Vsevolod Mikhaïlovitch Garchine, né en 1855 et décédé en 1888, était un écrivain, poète et critique d'art russe, caractérisé par un sens aigu de la justice et de la compassion pour la souffrance d'autrui. Sa biographie et son œuvre reflètent vivement la nature sensible de l'écrivain.
Vsevolod est né le 2 février 1855 dans le domaine de Prijatnaïa Dolina, situé dans le gouvernement d'Ekaterinoslav. Son père, noble et officier de marine, appartenait à une lignée connue depuis l'époque de la Horde d'Or. Sa mère était une femme éduquée, intéressée par la politique et la littérature, et maîtrisait plusieurs langues étrangères.
Lorsque Vsevolod avait cinq ans, sa mère a quitté la famille pour rejoindre le précepteur des enfants P. V. Zavadsky, qui était l'organisateur d'une société politique secrète. Après l'arrestation du révolutionnaire, elle est partie en exil avec lui. Ce drame familial a profondément marqué le garçon impressionnable et nerveux, qui a ensuite souffert de graves crises de troubles nerveux.
Après avoir terminé le gymnase, Vsevolod est entré à l'Institut des Mines, mais a rapidement réalisé qu'il était plus attiré par l'art et la littérature que par la science. Il n'a pas terminé ses études, car en 1877, la Russie est entrée en guerre contre la Turquie, et Garchine s'est engagé comme volontaire sur le front.

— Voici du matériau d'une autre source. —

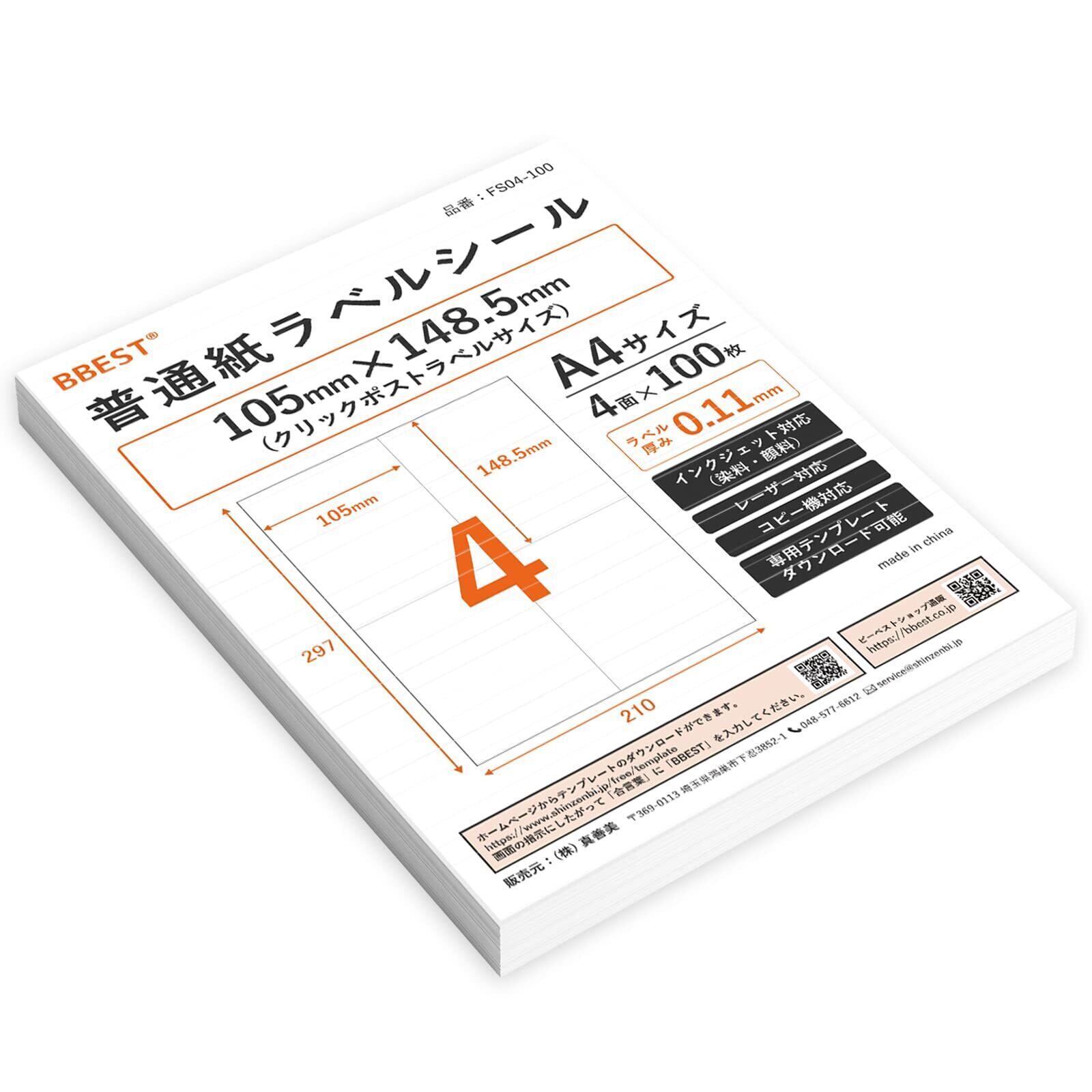 BBEST ラベル用紙 A4 普通紙 4面 100枚入り クリックポスト対応 インクジェット・レーザープリンター両用 シール用紙 ラベルシール 厚:0.10mm FS04-100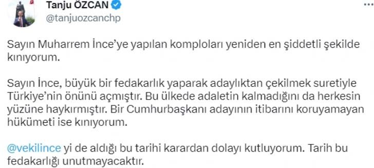 Bolu Belediye Başkanı Tanju Özcan ise, "Sayın Muharrem İnce’ye yapılan komploları yeniden en şiddetli şekilde kınıyorum. Sayın İnce, büyük bir fedakarlık yaparak adaylıktan çekilmek suretiyle Türkiye’nin önünü açmıştır. Bu ülkede adaletin kalmadığını da herkesin yüzüne haykırmıştır. Bir Cumhurbaşkanı adayının itibarını koruyamayan hükümeti ise kınıyorum. @vekilince yi de aldığı bu tarihi karardan dolayı kutluyorum. Tarih bu fedakarlığı unutmayacaktır" ifadelerini kullandı.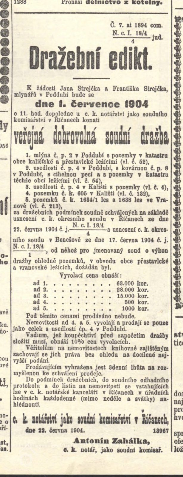 1902 František Strejček, v té době sloužil i jako zahradní restaurace. Na jedné budově dodnes patrný nápis "HOSTINEC".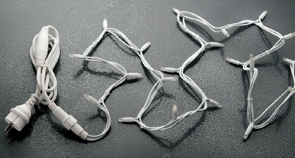 Stringa luminosa, con 40 LED ad alta luminosità e protetti contro gli urti accidentali, costruita secondo le norme EN 60598-2-20:2010. Cavo in gomma H03RN-F - 0,50 mm2, doppio isolamento, autoestinguente, prolungabile tramite connettori. La stringa vienefornita senza cavo d’alimentazione. Cavo di alimentazione in gomma H05RN-F 2x1,0 mm2 corredato di raddrizzatore da 1,6 A, spina Schuko IP 44 e connettore per il collegamento. Colore LED: multicolor.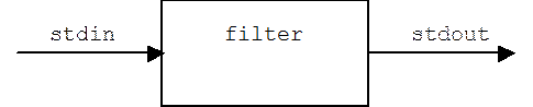 Normally, the source of stdin is the keyboard while the destination of stdout is the monitor. However, using pipes and redirection, users can easily reset the source of stdin to be a file or the stdout of another filter. Similarly, the destination of stdout can be a file or the stdin of another filter. Thus, users can chain together filters to form pipelines. For example, the shell command: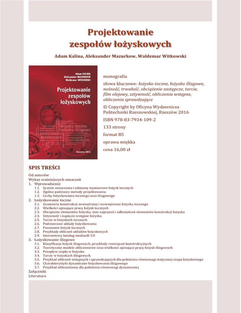 Projektowanie zespołów łożyskowych Adam Kalina, Aleksander Mazurkow, Waldemar Witkowski monografia słowa kluczowe: łożysko toczne, łożysko ślizgowe, nośność, trwałość, obciążenie zastępcze, tarcie, film olejowy, sztywność, obliczenia wstępne, obliczenia sprawdzające © Copyright by Oficyna Wydawnicza Politechniki Rzeszowskiej, Rzeszów 2016 ISBN 978-83-7934-109-2 133 strony format B5 oprawa miękka cena 16,00 zł SPIS TREŚCI Od autorów Wykaz ważniejszych oznaczeń 1. Wprowadzenie 1.1. System oznaczania i odmiany wymiarowe łożysk tocznych 1.2. Ogólne podstawy metody projektowania 1.3. Cechy łożyskowania tocznego oraz ślizgowego 2. Łożyskowanie toczne 2.1. 2.2. 2.3. 2.4. 2.5. 2.6. 2.7. 2.8. 2.9. Geometria konstrukcji zewnętrznej i wewnętrznej łożyska tocznego Wielkości opisujące pracę łożysk tocznych Obciążenie elementów łożyska, stan naprężeń i odkształceń elementów konstrukcji łożyska Sztywność i napięcie wstępne łożyska Tarcie w łożyskach tocznych Podstawowe układy łożyskowania Pasowanie łożysk tocznych Przykłady obliczeń układów łożyskowych Internetowy katalog medias® 5.0 3. Łożyskowanie ślizgowe 3.1. 3.2. 3.3. 3.4. 3.5. 3.6. 3.7. Klasyfikacja łożysk ślizgowych, przykłady rozwiązań konstrukcyjnych Teoretyczne modele obliczeniowe oraz wielkości opisujące pracę łożysk ślizgowych Przepływ ciepła w łożysku Tarcie w łożyskach ślizgowych Przykład obliczeń wstępnych i sprawdzających dla położenia równowagi statycznej czopa łożyskowego Charakterystyki dynamiczne łożyskowania ślizgowego Przykład obliczeniowy dla położenia równowagi dynamicznej Załączniki Literatura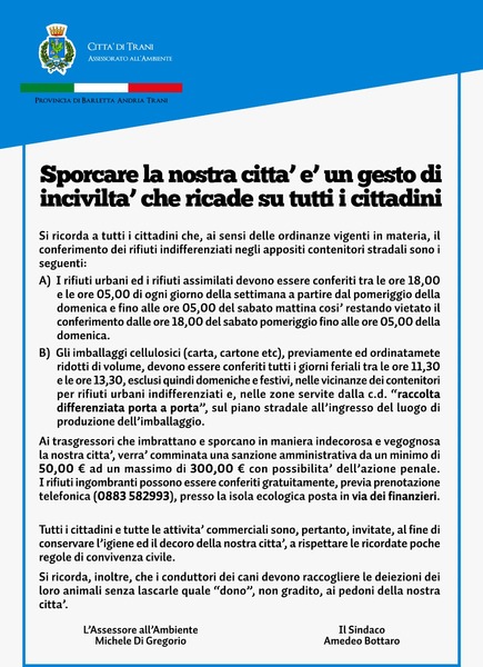 I rifiuti urbani ed i rifiuti assimilati devono essere conferiti tra le ore 18 e le ore 5 di ogni giorno della settimana a partire dal pomeriggio della domenica e fino alle ore 5 del sabato mattina. Resta vietato il conferimento dalle ore 18 del sabato pomeriggio fino alle ore 5 della domenica.

Lors de l'une de ses premières batailles, il a courageusement mené son régiment à l'attaque, mais a été blessé à la jambe, ce qui l'a rendu incapable de continuer son service militaire. Après avoir obtenu le grade d'officier et pris sa retraite, Vsevolod s'est consacré à la littérature. Ses premières nouvelles, telles que « Quatre jours », « Des souvenirs du soldat Ivanov » et « Le lâche », étaient consacrées à des thèmes militaires.
Garchine était profondément affecté par l'injustice sociale et, comme de nombreux représentants de l'intelligentsia progressiste de Russie, ressentait une responsabilité personnelle pour ce qui se passait dans le pays, où l'ancien système de servage était remplacé par un régime capitaliste. Il a combattu l'injustice sociale avec sa plume dans ses œuvres.
L'œuvre de Garchine se caractérisait par sa simplicité, sa concision et l'absence de métaphores et de comparaisons. La plupart de ses œuvres sont écrites sous forme de journaux, de lettres et de confessions. Parmi ses œuvres les plus significatives, on peut citer « La Fleur rouge », « Les Artistes » et « Nadejda Nikolaïevna ».
Garchine écrivait également pour les enfants, et ses contes « La Grenouille voyageuse », « Ce qui n'était pas » et « Le Conte de l'orgueilleux Aggée » ont trouvé leur place dans la littérature enfantine.
Au début des années 1880, l'état mental de l'écrivain s'est détérioré, et il a passé environ deux ans dans un hôpital psychiatrique. En 1883, il épousa N. M. Zolotilova, une élève des cours médicaux pour femmes, et fut heureux pendant quelques années. Cependant, une grave dépression s'ensuivit, qui conduisit à sa mort. Au printemps 1888, la nouvelle du suicide de Garchine a choqué le public.